[Data extracted from a collection]
________________________________________
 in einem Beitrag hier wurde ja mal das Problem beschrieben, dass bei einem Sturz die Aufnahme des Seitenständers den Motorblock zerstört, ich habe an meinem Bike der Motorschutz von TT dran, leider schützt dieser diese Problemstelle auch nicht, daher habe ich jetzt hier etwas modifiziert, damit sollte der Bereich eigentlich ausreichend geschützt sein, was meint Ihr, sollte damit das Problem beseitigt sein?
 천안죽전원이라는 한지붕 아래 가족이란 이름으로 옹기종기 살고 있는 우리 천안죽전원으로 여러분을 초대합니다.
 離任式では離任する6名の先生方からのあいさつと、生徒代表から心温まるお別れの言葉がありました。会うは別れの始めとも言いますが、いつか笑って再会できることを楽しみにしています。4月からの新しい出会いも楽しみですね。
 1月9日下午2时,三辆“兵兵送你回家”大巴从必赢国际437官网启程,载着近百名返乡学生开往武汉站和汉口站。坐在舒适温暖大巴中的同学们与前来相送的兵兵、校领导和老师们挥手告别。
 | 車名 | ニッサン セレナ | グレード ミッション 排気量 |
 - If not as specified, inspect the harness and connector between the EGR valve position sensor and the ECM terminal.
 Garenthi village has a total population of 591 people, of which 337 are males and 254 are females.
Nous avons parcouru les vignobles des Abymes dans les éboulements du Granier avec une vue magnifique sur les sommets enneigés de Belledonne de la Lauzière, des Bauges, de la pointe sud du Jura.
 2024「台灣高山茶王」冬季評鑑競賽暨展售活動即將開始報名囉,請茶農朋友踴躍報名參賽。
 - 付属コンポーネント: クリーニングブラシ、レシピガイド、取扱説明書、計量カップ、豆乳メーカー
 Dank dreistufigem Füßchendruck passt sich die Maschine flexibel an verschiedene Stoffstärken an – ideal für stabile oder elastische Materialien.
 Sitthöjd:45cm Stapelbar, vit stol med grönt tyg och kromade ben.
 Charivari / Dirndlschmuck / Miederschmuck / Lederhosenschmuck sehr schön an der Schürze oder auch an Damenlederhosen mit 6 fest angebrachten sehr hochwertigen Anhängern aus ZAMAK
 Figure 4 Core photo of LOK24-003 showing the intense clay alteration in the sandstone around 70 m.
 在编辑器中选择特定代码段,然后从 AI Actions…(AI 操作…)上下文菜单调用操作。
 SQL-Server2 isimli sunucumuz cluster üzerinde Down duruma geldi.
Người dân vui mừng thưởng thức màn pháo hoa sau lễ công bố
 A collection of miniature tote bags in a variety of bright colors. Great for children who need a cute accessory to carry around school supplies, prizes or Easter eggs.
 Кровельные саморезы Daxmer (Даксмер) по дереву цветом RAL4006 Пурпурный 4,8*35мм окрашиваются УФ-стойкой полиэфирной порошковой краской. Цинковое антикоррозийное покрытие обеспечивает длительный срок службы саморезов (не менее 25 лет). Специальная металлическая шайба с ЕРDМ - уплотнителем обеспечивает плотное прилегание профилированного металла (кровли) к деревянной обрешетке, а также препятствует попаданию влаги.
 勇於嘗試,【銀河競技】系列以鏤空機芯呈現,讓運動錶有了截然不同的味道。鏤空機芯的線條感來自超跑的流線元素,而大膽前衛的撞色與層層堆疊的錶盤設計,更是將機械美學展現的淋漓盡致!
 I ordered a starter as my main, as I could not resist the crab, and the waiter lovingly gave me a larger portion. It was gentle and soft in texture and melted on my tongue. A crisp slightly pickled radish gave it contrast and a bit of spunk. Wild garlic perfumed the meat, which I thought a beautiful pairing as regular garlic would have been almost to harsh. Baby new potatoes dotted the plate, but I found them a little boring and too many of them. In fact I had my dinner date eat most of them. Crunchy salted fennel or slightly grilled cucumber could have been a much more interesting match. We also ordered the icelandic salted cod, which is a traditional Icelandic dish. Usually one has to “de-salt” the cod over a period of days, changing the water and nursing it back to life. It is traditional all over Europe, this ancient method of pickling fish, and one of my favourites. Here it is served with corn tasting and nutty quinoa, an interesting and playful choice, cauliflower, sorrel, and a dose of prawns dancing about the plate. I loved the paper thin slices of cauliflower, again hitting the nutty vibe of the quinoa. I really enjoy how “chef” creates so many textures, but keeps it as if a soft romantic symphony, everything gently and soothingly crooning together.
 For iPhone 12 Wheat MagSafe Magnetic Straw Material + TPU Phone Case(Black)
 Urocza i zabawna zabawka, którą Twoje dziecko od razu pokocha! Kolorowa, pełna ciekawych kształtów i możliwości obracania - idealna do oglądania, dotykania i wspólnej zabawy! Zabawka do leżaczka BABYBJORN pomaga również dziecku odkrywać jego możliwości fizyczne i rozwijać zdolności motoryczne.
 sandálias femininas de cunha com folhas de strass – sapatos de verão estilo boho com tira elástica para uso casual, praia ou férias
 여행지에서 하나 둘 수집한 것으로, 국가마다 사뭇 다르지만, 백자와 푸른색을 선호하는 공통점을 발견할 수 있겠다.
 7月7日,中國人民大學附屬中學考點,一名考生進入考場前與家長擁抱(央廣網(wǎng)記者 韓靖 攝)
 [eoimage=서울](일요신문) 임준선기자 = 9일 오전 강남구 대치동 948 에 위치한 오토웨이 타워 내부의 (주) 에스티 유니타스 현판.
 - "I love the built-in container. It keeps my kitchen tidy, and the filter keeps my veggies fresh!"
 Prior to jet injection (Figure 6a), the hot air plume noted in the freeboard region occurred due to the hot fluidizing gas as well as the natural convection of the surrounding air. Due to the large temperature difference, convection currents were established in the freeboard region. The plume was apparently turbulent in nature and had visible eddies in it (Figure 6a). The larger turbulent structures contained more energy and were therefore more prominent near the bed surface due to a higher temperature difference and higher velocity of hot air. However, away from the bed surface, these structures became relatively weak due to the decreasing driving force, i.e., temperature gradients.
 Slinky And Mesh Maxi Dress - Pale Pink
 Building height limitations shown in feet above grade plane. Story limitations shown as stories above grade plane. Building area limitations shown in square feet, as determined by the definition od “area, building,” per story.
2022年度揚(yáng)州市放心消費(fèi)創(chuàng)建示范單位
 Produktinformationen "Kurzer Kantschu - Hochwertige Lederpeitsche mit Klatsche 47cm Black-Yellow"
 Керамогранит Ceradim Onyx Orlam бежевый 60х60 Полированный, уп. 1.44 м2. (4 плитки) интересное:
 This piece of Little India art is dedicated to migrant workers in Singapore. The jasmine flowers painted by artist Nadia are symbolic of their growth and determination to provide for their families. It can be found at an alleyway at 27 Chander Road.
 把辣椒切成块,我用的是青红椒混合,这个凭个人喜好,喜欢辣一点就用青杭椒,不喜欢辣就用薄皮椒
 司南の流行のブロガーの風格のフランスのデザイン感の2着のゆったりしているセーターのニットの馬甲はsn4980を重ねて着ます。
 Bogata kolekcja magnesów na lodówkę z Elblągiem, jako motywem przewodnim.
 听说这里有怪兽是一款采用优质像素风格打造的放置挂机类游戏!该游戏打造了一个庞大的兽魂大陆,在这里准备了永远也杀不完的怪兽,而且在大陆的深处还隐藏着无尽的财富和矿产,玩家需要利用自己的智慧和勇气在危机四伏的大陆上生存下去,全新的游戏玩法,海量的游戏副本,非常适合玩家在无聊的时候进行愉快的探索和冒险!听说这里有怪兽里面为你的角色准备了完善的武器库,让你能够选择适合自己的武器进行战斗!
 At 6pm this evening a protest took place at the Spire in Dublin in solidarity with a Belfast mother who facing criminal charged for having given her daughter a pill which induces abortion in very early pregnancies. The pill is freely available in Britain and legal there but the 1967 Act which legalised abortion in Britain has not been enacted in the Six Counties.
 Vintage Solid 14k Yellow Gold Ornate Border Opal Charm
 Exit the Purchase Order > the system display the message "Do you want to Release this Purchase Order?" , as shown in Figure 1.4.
________________________________________
Find all lines holding the word "shown" in the records above and copy them.

→ Result
 Building height limitations shown in feet above grade plane. Story limitations shown as stories above grade plane. Building area limitations shown in square feet, as determined by the definition od “area, building,” per story.
 Exit the Purchase Order > the system display the message "Do you want to Release this Purchase Order?" , as shown in Figure 1.4.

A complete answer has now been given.